If you have *good*  scaling already,  the reasonable thing might
be to write an essay on each outlier, and remove that S  from
the sample.  If you have half-good measurements, like the ones
that I usually see, you might want to Windsordize -- pull in the
most extreme values to whatever was at (say) the 95th percentile.

Quote:> I've heard that it's possible to replace outliers with the mean of the
> group. I am wondering if it's a standard practice (to use for my thesis),
> and are there any good references?

Replacing the outlier with the <some mean>  is, IMHO, a
two-step procedure.  
First, you justify that the outlier should be regarded as 'missing.'
Second, you figure *which*   mean is appropriate to stand in
for something missing.  The usual initial rationale  is that you
use a mean that  disturbs the statistical test the least.  

 - You don't want to increase the tested Mean-square.
 - In Repeated Measures, that could be the Subjects mean;  
but that can raise a problem if you have much that is missing
because you also don't want to decrease the Mean-square
of the error term.

If you still want it, there are books written on Missing data,
and I would use Google:  for instance, look for college courses
and what they list in their Suggested References.

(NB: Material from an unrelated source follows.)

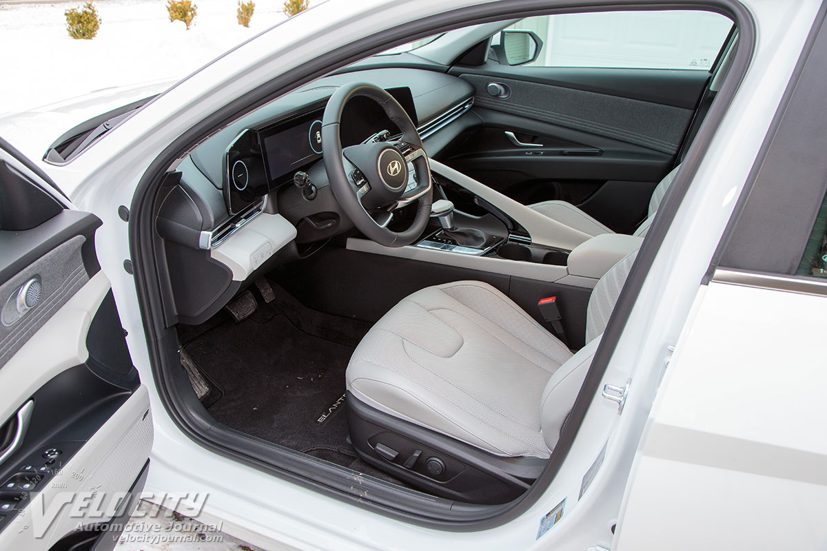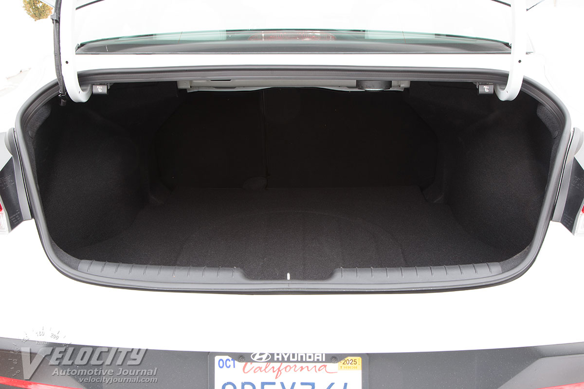 We tested a 2025 Elantra Hybrid Limited ($29,450) painted in Serenity White ($470). The only option was carpeted floor mats ($210). Including the freight fee ($1,150), the price totaled up to $31,280. Note that Hyundai has raised the MSRP of the Elantra Hybrid Limited. Significant standard equipment includes 6-way power driver's seat with lumbar support, heated and ventilated front seats, 8-speaker Bose(R) audio system, 10.25-in. infotainment display, navigation, Qi wireless charging pad, and Wi-Fi hotspot. Safety technologies include smart cruise, forward collision-avoidance, blind-spot collision-warning, rear cross-traffic collision-avoidance and lane keeping assist.

Quote:> If it is acceptable, how should I compute the mean if there are several
> outliers in one group/DV, (or variable in SPSS)?

--

http://www.pitt.edu/~wpilib/index.html
"Taxes are the price we pay for civilization."  Justice Holmes.

 
 
 

oultliers : replacing with the mean

Post by Robert Ehrlic » Thu, 10 Jul 2003 23:54:47


Deleting or altering  measured values from a data set is serious
business including m*as well as analytical aspects.  As previous
writers have said, You have to make a strong  case for doing so in any
report on results.  Are the outliers so large that they are impossible
(e.g. child's' height = 30 m).  Are they large (or small) with respect
to the Gaussian assumption.  After taking care to document your reasons,
 you may substitute the mean only as the beginning of an imputation
procedure.  You also may reduce the effect of outliers on data summaries
by using the median rather than the mean.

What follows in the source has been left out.